Some random thoughts I had last weekend when seeing the paintings in the Francis Bacon exhibit on its last day at the Metropolitan Museum of Art. The artists who move me are those who manifest my dreams, across time and space, before my conscious eyes.

It was the first time I'd seen his work in person:

1. You will always resist what will change you, but you are still inexorably drawn  
     to it.

2. Henrietta Moraes (1931 - 1998) - what was a girl like that doing with a
    Portuguese surname? I like the word "odalisque."

3. Intentional deformity, the psychological "elephant man."

4. His paintings look like postmodern roadkill, and that's not an insult.

5. Francis Bacon and Francis Bacon

6. Blue Men and "Mad Men."





Saturday, April 11, 2009

prose poem for a pagan holiday

easter saturday, day of extremes. from the bucolic scenery of warren county, jersey, placidly sinister in its recession ravished spring dress, the forsythias like strip mall sirens mocking the sere corn stubble of fields that haven't yet paid homage to america's 180 from the athenian ideal. their tendrils beckon me to find something better

than canal st. at this hour, the fake five dollar vendors closed like day blooming jazz.
over the manhattan bridge the lights look like anemones, an inverse easter bouquet.

there's beauty in the oddest places. even myrtle ave, clinton hill, where the double parked drivers and the u-turners don't pretend
they are anything other than.

Thursday, March 26, 2009

the 12 between worlds

i ended wednesday and started thursday, far from where i started, though i only traveled the length of my apartment and, out in the world, within a 12-mile radius. i rose at nine, early for me, my cat curled warmly in that harbor between elbow and thigh, and read chapters 13-16 of irène némirovsky "suite francaise" propped on pillows still smelling of dreams. i rose, fed the cat, brushed teeth, took out garbage and recycling while in my pajamas because i like to extend the boundaries of sleepwalking to encompass the quotidian. eventually, however, the quotidian insisted, politely but unequivocally, like the WW2 germans in french villages; we all know who rules the daytime: the body and the bank account (and is it a wonder that quotidian and quota share the same root?). so i breakfasted, on wheetabix liberally strewn with pecans and dried apricots then showered and dressed in black slacks,black boots, black turtleneck, a vintage 1979/80 burgundy velvet blazer, and, the final touch, a handcrafted pendant depicting a "men at work" figure shoveling. this is the closest i get to corporate drag. so armored, i went out into the world, resume in hand.

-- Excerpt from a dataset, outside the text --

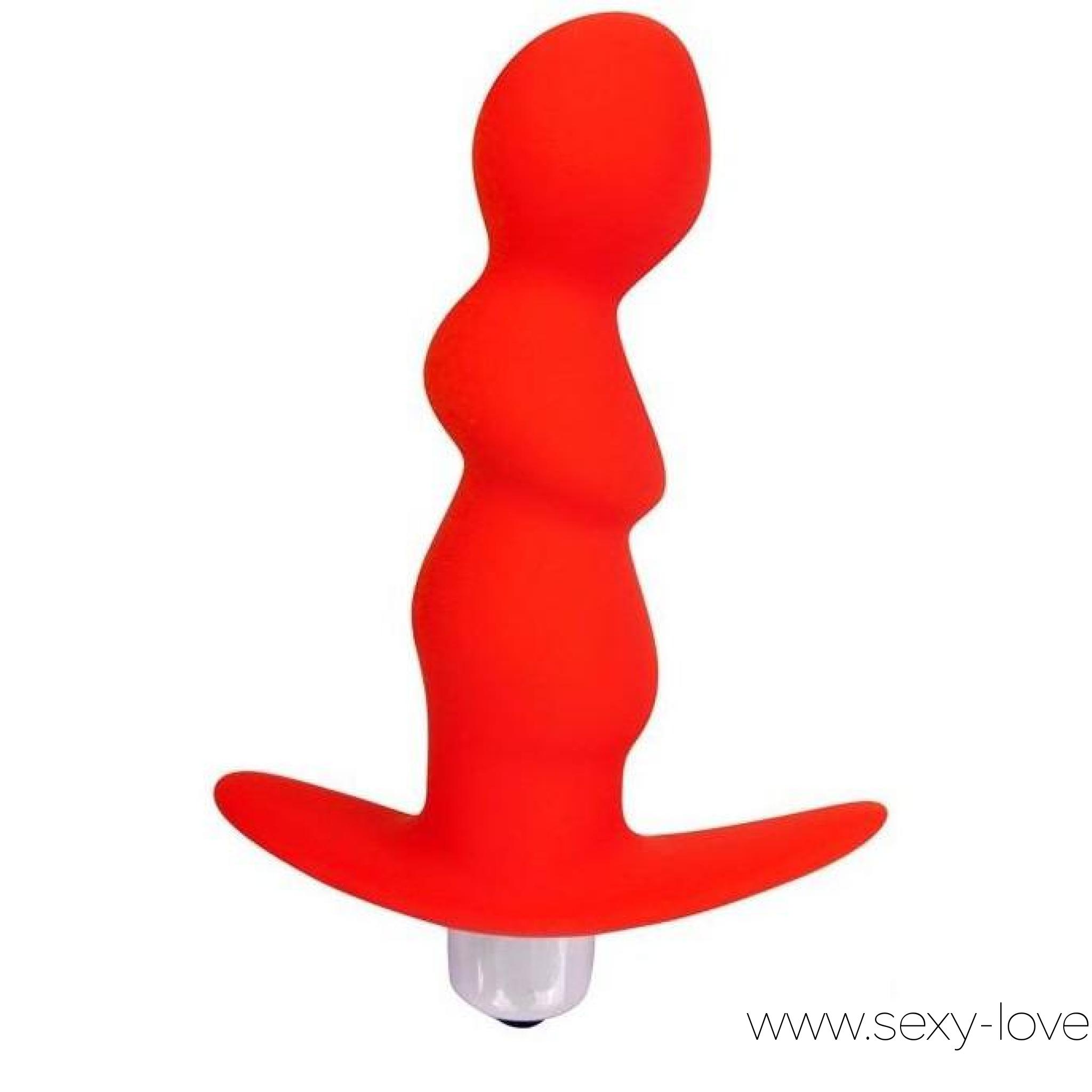 Трехступенчатая анальная пробка-елочка с вибрацией от компании Sweet Toys, цвет красный

i never made it to the table where the interviewer for the english teaching job i intended to apply for sat. instead i spur of the moment switched camps and talked to the communications/performing arts guy and two visual artists. they were fairly alone on their cafeteria table islands, far from the madding and maddening crowd.

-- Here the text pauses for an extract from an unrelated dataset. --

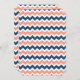 Convites náuticos personalizados do batismo do tema em azuis marinhos escuros elegantes e modernos, teste padrão de ziguezagues em cor-de-rosa do pêssego e em branco alaranjado da viga do divertimento com roda e bandeira do navio. Customizável com seu texto, contacte-nos para pedir uma mudança da cor.

twelve miles later, i was back at home, my head pounding with the headache of ideas, that adrenaline-spurred rush that only good physical exertion can tame. so i traded suit for shin-guards and headed another twelve miles out in a totally different direction, to hold center for a team of over-competitive soccer princesses, who all came of age long after title 9 and cringe at the thought of turning 30 while i, though no stranger to cringing, decided, for the time being at least, to let the gray streak in my hair fly the flag of my almost 41 years. i took two breaks but ground the hell out of the 30 minutes i played the field. it killed my headache but buoyed my mood.

home for the night, i'm noting all this for the record. for some record. because the archaeologists of the future, who will all be data specialists, may perhaps marvel at the blogo/webo-sphere's dizzying effusion of "look at me! i lived a whole life before the hour changed."